#### ASSIGNED TASK:
Reproduce the lines below exactly, from the one containing "Er is iets heel" through the one containing "SWEDISHSV 16167 ITALIAN", both included. Leave out any pictures.

── INFORMATION

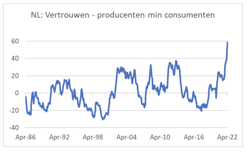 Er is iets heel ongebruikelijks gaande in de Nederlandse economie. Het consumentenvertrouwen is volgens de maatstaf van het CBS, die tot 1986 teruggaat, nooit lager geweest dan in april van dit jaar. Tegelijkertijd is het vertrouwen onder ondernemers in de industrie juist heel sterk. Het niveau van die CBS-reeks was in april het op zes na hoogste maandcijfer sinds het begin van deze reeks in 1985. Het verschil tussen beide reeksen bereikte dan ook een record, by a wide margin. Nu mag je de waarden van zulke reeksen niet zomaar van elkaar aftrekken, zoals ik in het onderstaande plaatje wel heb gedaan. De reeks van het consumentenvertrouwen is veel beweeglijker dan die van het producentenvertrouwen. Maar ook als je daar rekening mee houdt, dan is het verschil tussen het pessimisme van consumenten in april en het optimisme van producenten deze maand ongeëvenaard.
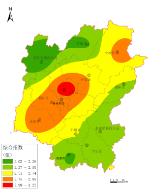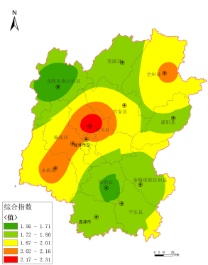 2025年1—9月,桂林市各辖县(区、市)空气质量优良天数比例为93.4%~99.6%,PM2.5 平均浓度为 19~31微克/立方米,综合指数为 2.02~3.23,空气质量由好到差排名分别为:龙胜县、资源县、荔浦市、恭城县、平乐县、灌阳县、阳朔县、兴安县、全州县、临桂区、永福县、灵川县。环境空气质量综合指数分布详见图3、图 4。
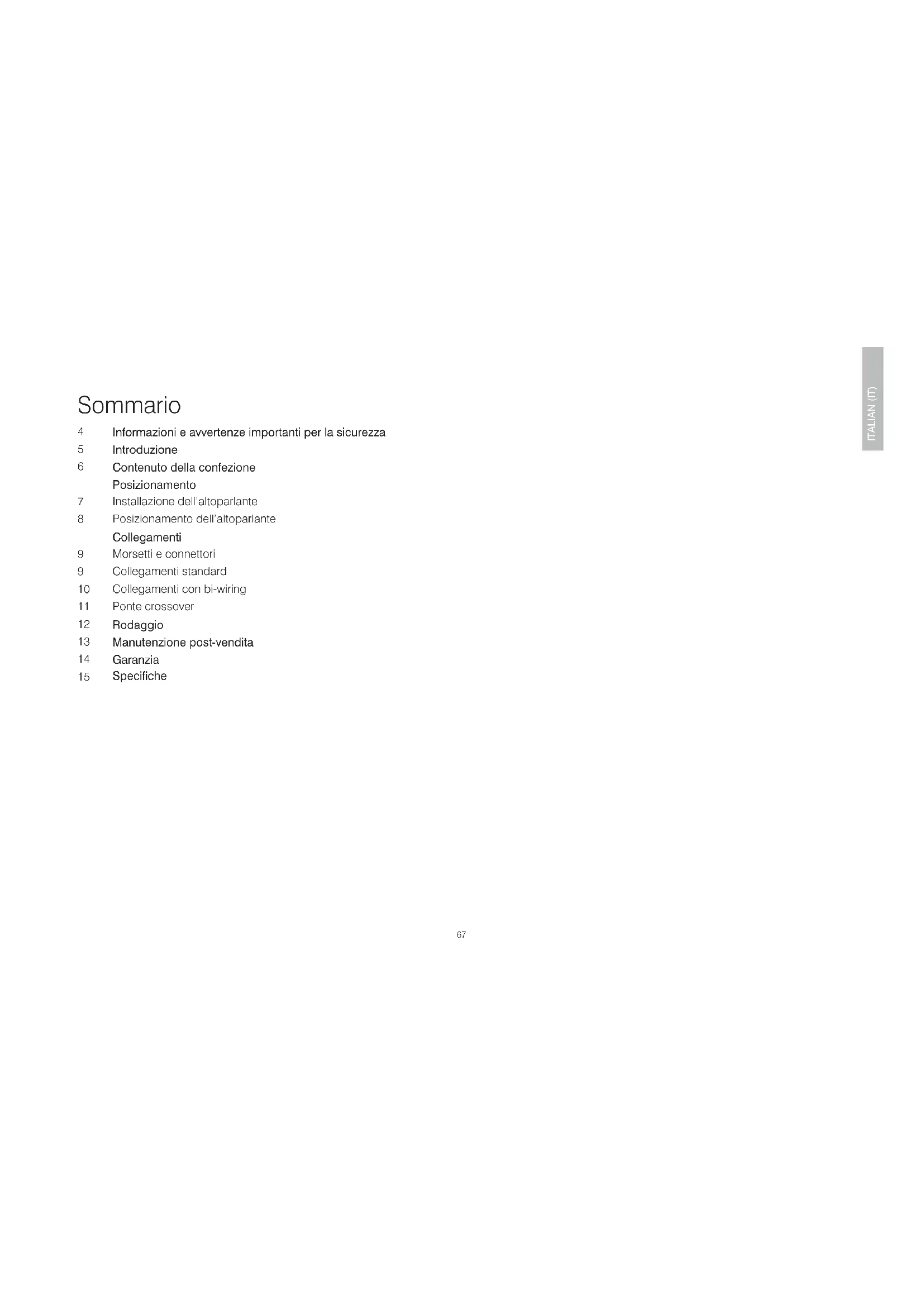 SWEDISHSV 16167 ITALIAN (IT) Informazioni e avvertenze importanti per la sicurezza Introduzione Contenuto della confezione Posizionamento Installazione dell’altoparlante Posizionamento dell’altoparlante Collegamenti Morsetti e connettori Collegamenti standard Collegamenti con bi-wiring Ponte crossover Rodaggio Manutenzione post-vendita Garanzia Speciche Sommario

────
── INFORMATION

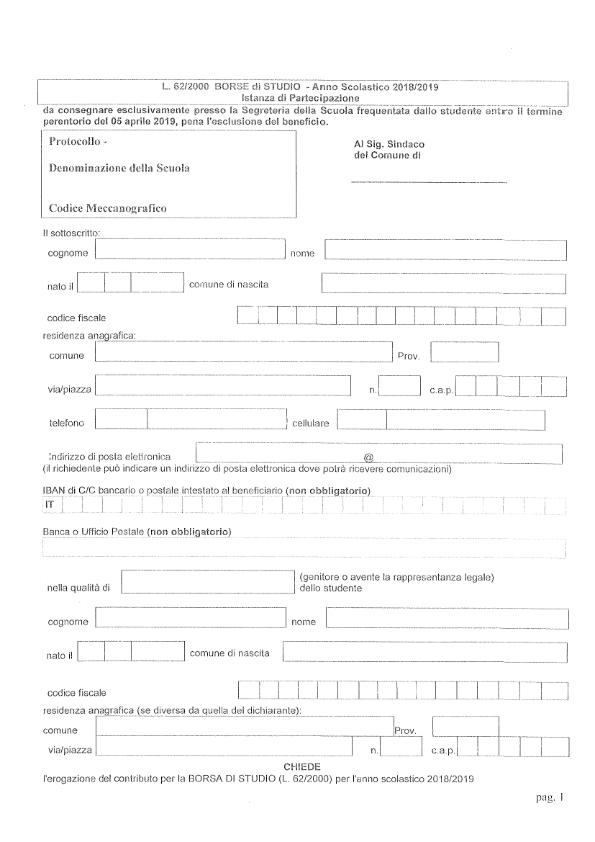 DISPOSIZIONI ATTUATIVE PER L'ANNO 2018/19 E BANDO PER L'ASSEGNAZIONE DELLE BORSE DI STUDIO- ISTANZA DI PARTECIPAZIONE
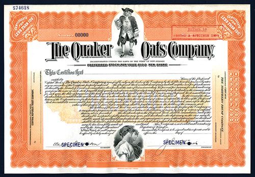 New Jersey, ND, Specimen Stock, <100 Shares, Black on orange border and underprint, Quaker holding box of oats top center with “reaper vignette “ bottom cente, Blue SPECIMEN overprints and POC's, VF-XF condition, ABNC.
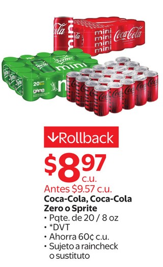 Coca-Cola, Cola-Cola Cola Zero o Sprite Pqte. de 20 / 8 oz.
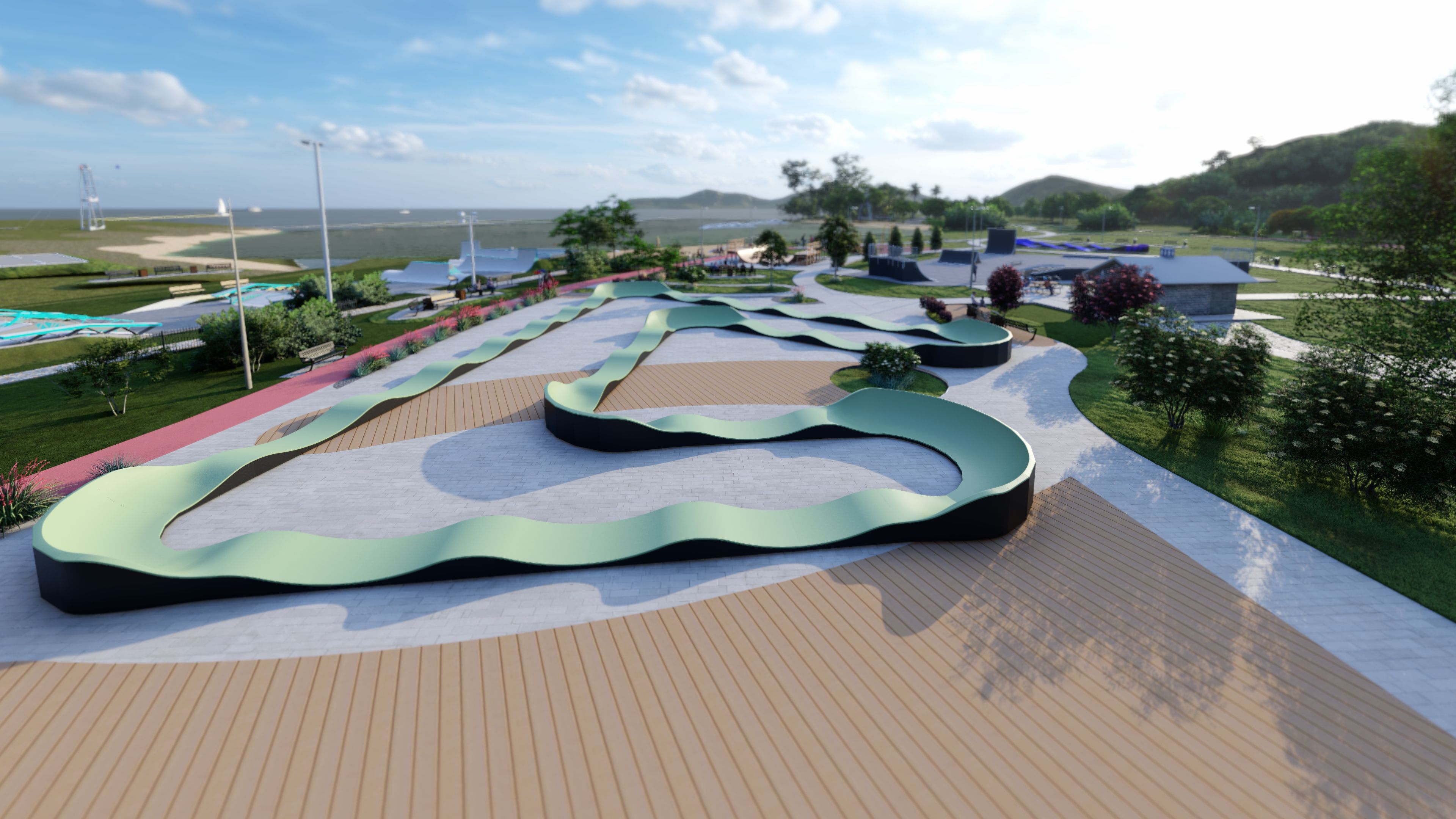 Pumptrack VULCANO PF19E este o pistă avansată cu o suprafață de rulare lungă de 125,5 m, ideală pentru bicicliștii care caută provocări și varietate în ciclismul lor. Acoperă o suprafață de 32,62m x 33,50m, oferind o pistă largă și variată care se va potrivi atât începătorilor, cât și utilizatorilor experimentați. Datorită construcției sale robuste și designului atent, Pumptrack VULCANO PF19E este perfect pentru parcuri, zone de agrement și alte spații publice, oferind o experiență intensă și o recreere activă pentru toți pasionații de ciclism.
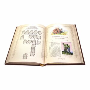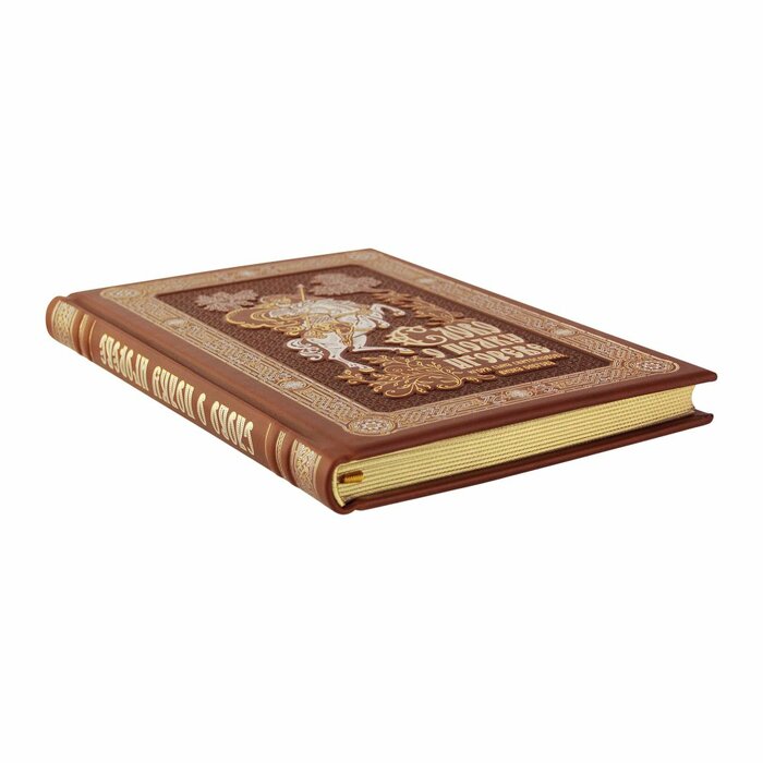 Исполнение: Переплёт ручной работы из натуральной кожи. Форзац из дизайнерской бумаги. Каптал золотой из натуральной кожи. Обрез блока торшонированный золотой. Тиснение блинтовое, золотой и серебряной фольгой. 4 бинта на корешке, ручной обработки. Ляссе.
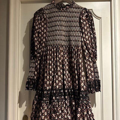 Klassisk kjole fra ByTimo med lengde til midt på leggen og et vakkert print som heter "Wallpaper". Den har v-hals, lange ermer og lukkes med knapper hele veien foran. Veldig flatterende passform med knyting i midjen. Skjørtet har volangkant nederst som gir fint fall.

────

#### SOLUTION BELOW:
 Er is iets heel ongebruikelijks gaande in de Nederlandse economie. Het consumentenvertrouwen is volgens de maatstaf van het CBS, die tot 1986 teruggaat, nooit lager geweest dan in april van dit jaar. Tegelijkertijd is het vertrouwen onder ondernemers in de industrie juist heel sterk. Het niveau van die CBS-reeks was in april het op zes na hoogste maandcijfer sinds het begin van deze reeks in 1985. Het verschil tussen beide reeksen bereikte dan ook een record, by a wide margin. Nu mag je de waarden van zulke reeksen niet zomaar van elkaar aftrekken, zoals ik in het onderstaande plaatje wel heb gedaan. De reeks van het consumentenvertrouwen is veel beweeglijker dan die van het producentenvertrouwen. Maar ook als je daar rekening mee houdt, dan is het verschil tussen het pessimisme van consumenten in april en het optimisme van producenten deze maand ongeëvenaard.
 2025年1—9月,桂林市各辖县(区、市)空气质量优良天数比例为93.4%~99.6%,PM2.5 平均浓度为 19~31微克/立方米,综合指数为 2.02~3.23,空气质量由好到差排名分别为:龙胜县、资源县、荔浦市、恭城县、平乐县、灌阳县、阳朔县、兴安县、全州县、临桂区、永福县、灵川县。环境空气质量综合指数分布详见图3、图 4。
 SWEDISHSV 16167 ITALIAN (IT) Informazioni e avvertenze importanti per la sicurezza Introduzione Contenuto della confezione Posizionamento Installazione dell’altoparlante Posizionamento dell’altoparlante Collegamenti Morsetti e connettori Collegamenti standard Collegamenti con bi-wiring Ponte crossover Rodaggio Manutenzione post-vendita Garanzia Speciche Sommario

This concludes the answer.